Repeating Carter Gilles mantra — just because you have  method that measure something doesn’t mean the results you get have any relevance or relation to what you are measuring.

Yes, the article says,

It says there is a “growing recognition” among researchers that quantitative approaches like these “often fail to capture” the nuances of arts interventions, which become “lost in an overly narrow focus on data and measurements”.

Broadening the focus to include more qualitative and mixed method techniques could make it easier to improve practice and integrate arts interventions more deeply into the healthcare and justice systems, it suggests.

“The outcome that’s the easiest to measure is not necessarily the best thing to measure,” the report notes. “Is a different type of ‘gold standard’ possible?”

While it is good that there is a recognition that quantitative approach is too narrow and that the easiest measure is not the best, the fact is it appears they are still trying to figure out how to use the arts to fix things.

It is important that researchers be able to discover that people with dementia may be helped by singing because it employs important neural pathways. But that isn’t so much a value of art as the fact that singing requires you to use specific facilities in the same way movement helps circulation. Yes, singing a song from their youth helps people with dementia to solidify their memories.

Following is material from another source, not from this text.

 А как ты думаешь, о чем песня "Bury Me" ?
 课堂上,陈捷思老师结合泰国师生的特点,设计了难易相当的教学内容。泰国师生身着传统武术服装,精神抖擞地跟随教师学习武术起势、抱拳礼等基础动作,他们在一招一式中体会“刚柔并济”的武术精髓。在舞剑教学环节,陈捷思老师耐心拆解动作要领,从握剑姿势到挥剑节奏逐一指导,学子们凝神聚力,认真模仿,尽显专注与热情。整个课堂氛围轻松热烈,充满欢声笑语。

But that is more an argument that our lives should be filled with creative experiences as much as possible when we are young.

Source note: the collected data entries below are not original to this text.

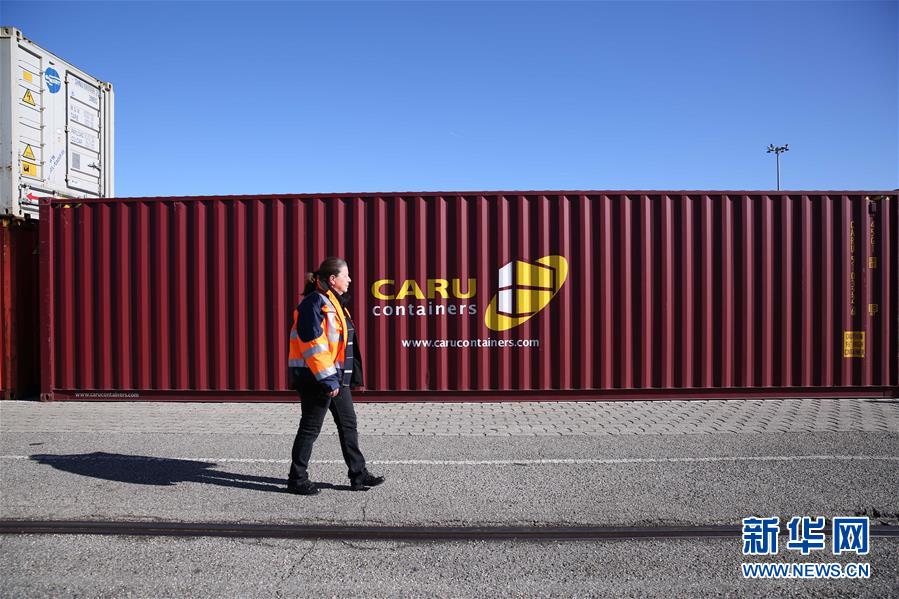 這是2019年3月5日,裝載有中國商品的集裝箱從中國武漢發(fā)出后,經(jīng)由中歐班列運輸?shù)诌_(dá)法國里昂。 新華社記者 唐霽 攝
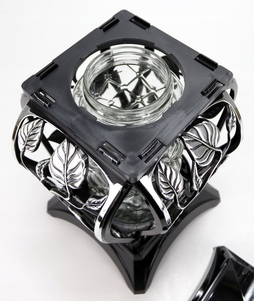 - Внутрішня банка виготовлена з густого скла з підкладеним малюнком Каро, який прекрасно відволікає світло свічки
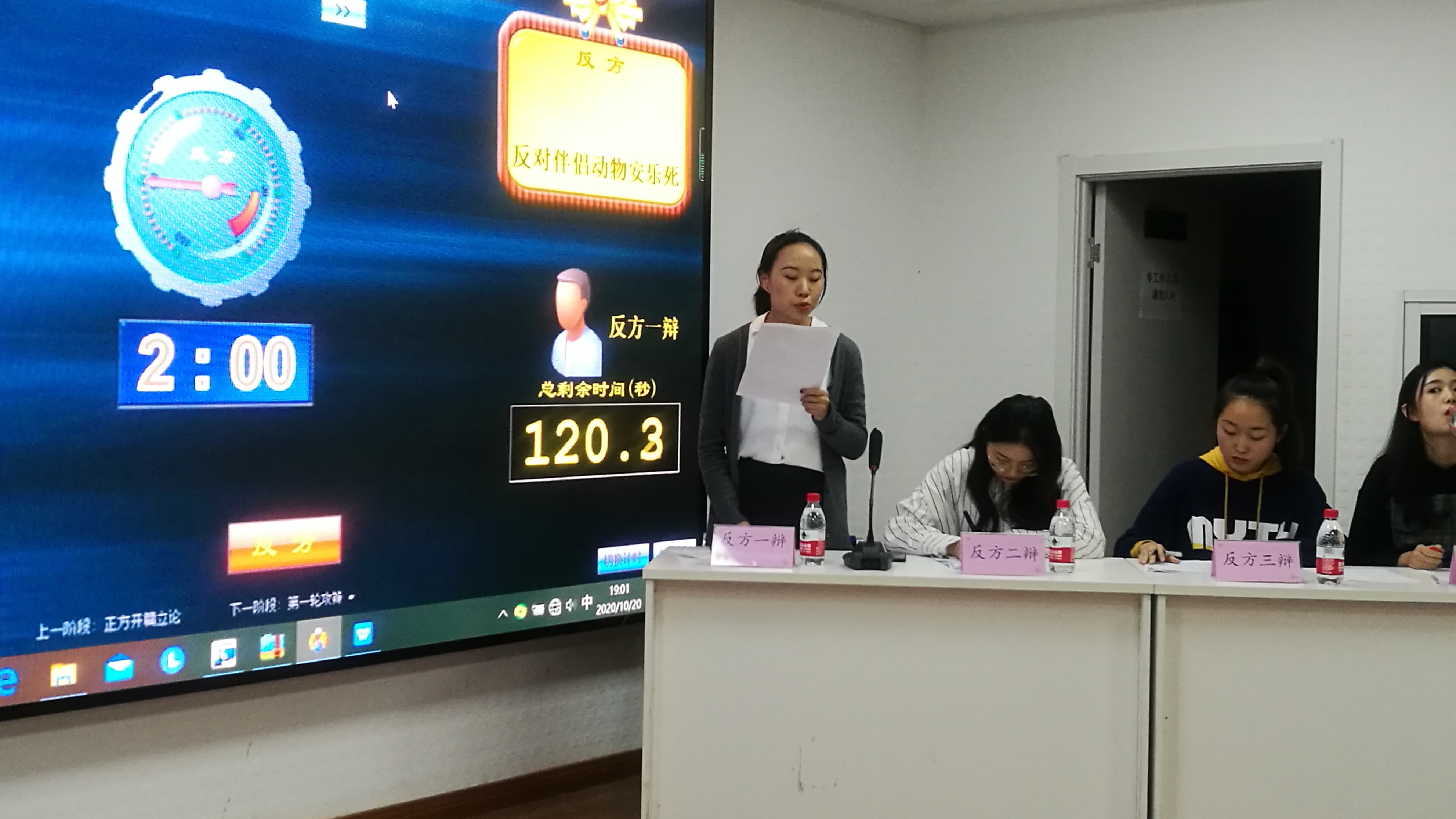 在主持人简短介绍了本场比赛的赛制、规则后,比赛拉开帷幕。首先是开篇立论环节,正方一辩陈述己方“支持伴侣动物安乐死”的观点,主要从动物、主人和社会价值三个方面进行立论:安乐死能减少病重动物的痛苦,缓解病宠主人精神和经济上的压力,减少社会上流浪动物泛滥的现象。接着反方一辩围绕“反对伴侣动物安乐死”的观点,从安乐死的运用范围过广,安乐死的认定具有不确定性,主人的道德素质不能为安乐死提供伦理保障,安乐死的过程存在痛苦这四个方面做了阐述。
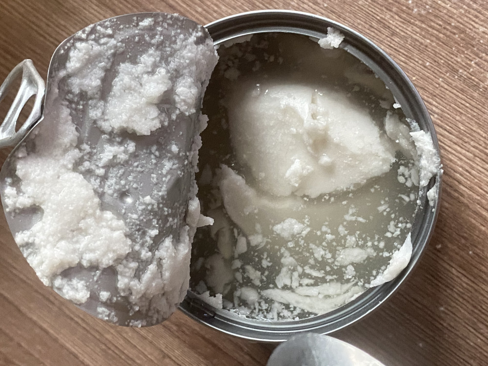 Полностью согласна с отзывом Сергея. Прикладываю фото открытой банки. Такое ощущение, что кокосовый урбеч развели с водой. При нагреве образовался серо-прозрачный жир... пить невозможно такое.

The same with the use of artistic expression to reduce recidivism among parolees. The article says “but says that because of the many factors involved, the “the challenge of demonstrating that a cultural intervention has had a measurable impact…remains daunting”.  The thing is, if prisoners/parolees aren’t committing crimes after participating in arts related activities, it can be as much the fact they had an opportunity to socialize and were provided the tools to express themselves.

There also may be other factors at work as well as they suggest, but if you think socialization and self expression are important elements in there, that is just more of an argument for people having the opportunity for creative expression when they are young. If you can’t clearly prove that opportunities for creative expression are reducing recidivism in a controlled trial study, are you going to take away their books and sketch pads?

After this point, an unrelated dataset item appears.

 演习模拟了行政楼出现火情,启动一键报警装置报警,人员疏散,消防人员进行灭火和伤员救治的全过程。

The value of arts is difficult to measure and define in a qualitative way. Creative expression is nuanced and not every mode of expression has relevance for every individual which means the it is impossible to arrive at a uniform application of arts as a cure.

If people stop exhibiting violent tendencies after participating in a play, by all means try to figure out what elements of that experience may have contributed to it and try to provide those elements to others. Just realize you will never discover that 30 minutes of music every day will placate everybody’s anger. And you will never be able to identify every element that contributed to the decrease in anti-social behavior. For some it is the socialization, for others it is the opportunity to express, for others it is the kind word that someone said on the walk home that you never observed.

There is a lot in this story that does well in recognizing that the current methods of measure aren’t capturing all the important nuances in creative interactions. However, by trying to find a new gold standard to measure the value of the arts, it still sounds like they are trying to distill something out of the arts into an easily applied elixir.